**Assignment**
All lines from the one holding "- Vivienda adosada" through the last line of the entries below must be transcribed exactly, and no others. Pictures do not go in.

= = = = =

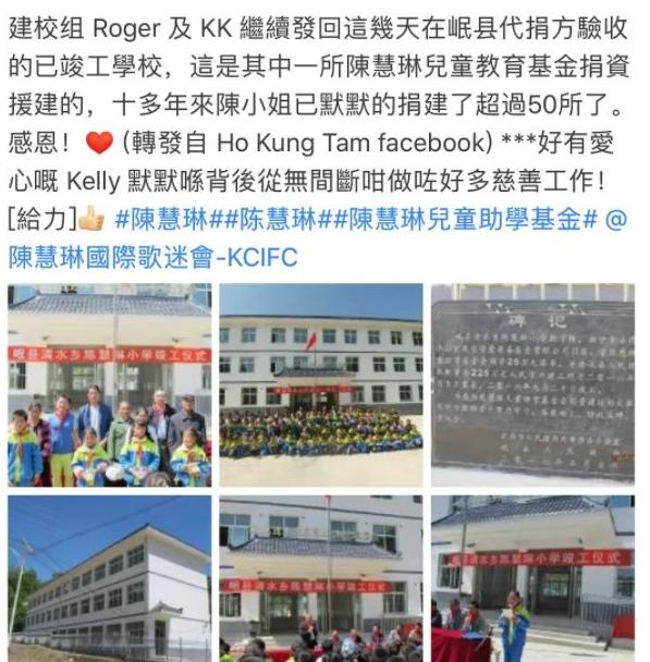 2002 年,陈慧琳成立了儿童助学基金,为了帮助孩子解决上学问题,她捐建希望小学,目前已经有 50 多所。
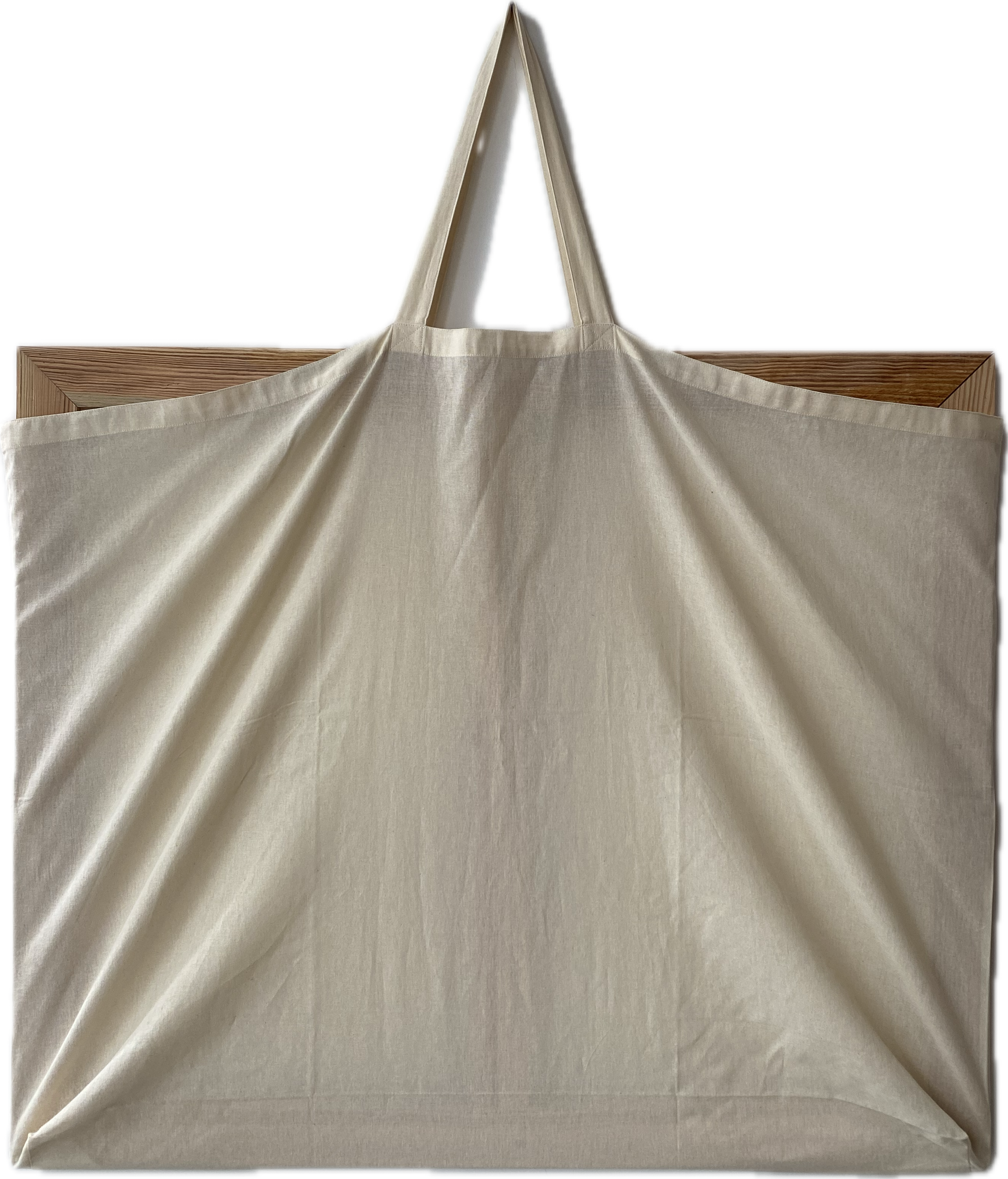 TakeAway / 2025 / 113 x 99 cm / tote bag, wooden stretcher
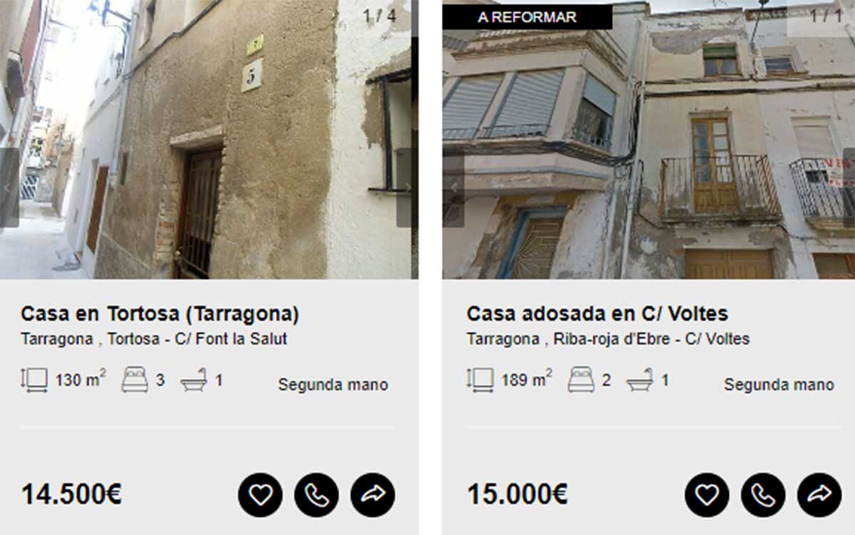- Vivienda adosada en venta en Tarragona por 15.000 euros. Es una vivienda de dos habitaciones y un baño distribuidos en 189 metros cuadrados que necesita una reforma.
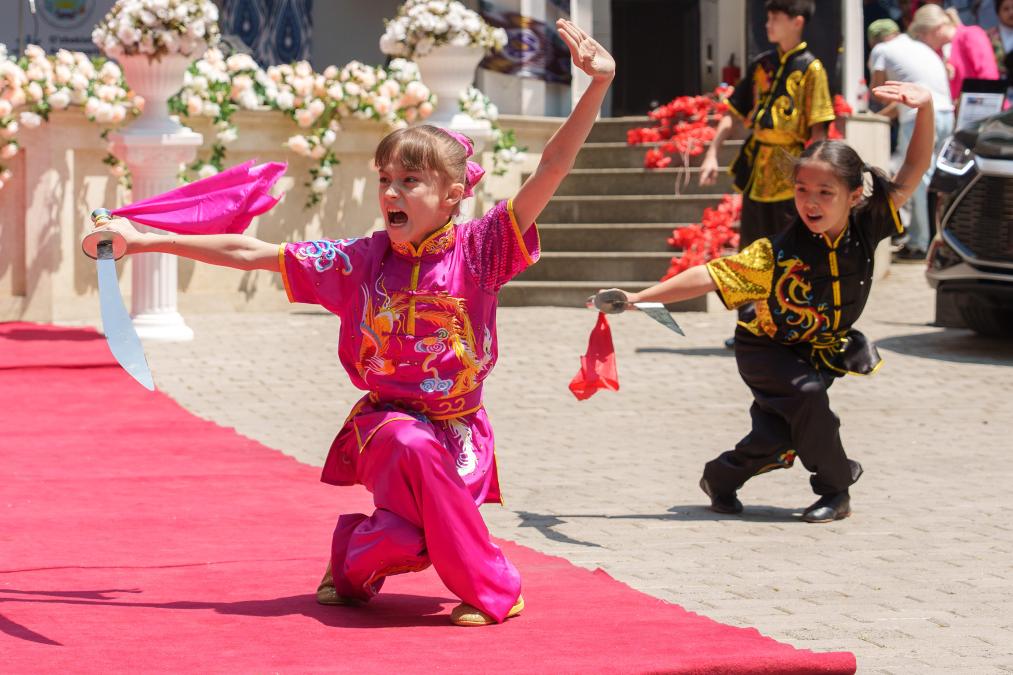 2023年5月27日,小演員在烏茲別克斯坦首都塔什干的中央公園表演武術(shù)。
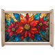 Three Poinsettia Blossoms Stained Glass Style Serving Tray
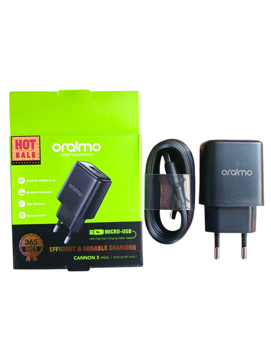 Chargeur Oriamo Micro-USB rapide et durable avec câble inclus, idéal pour un chargement quotidien efficace et sécurisé.

= = = = =

**Exercise result**
- Vivienda adosada en venta en Tarragona por 15.000 euros. Es una vivienda de dos habitaciones y un baño distribuidos en 189 metros cuadrados que necesita una reforma.
 2023年5月27日,小演員在烏茲別克斯坦首都塔什干的中央公園表演武術(shù)。
 Three Poinsettia Blossoms Stained Glass Style Serving Tray
 Chargeur Oriamo Micro-USB rapide et durable avec câble inclus, idéal pour un chargement quotidien efficace et sécurisé.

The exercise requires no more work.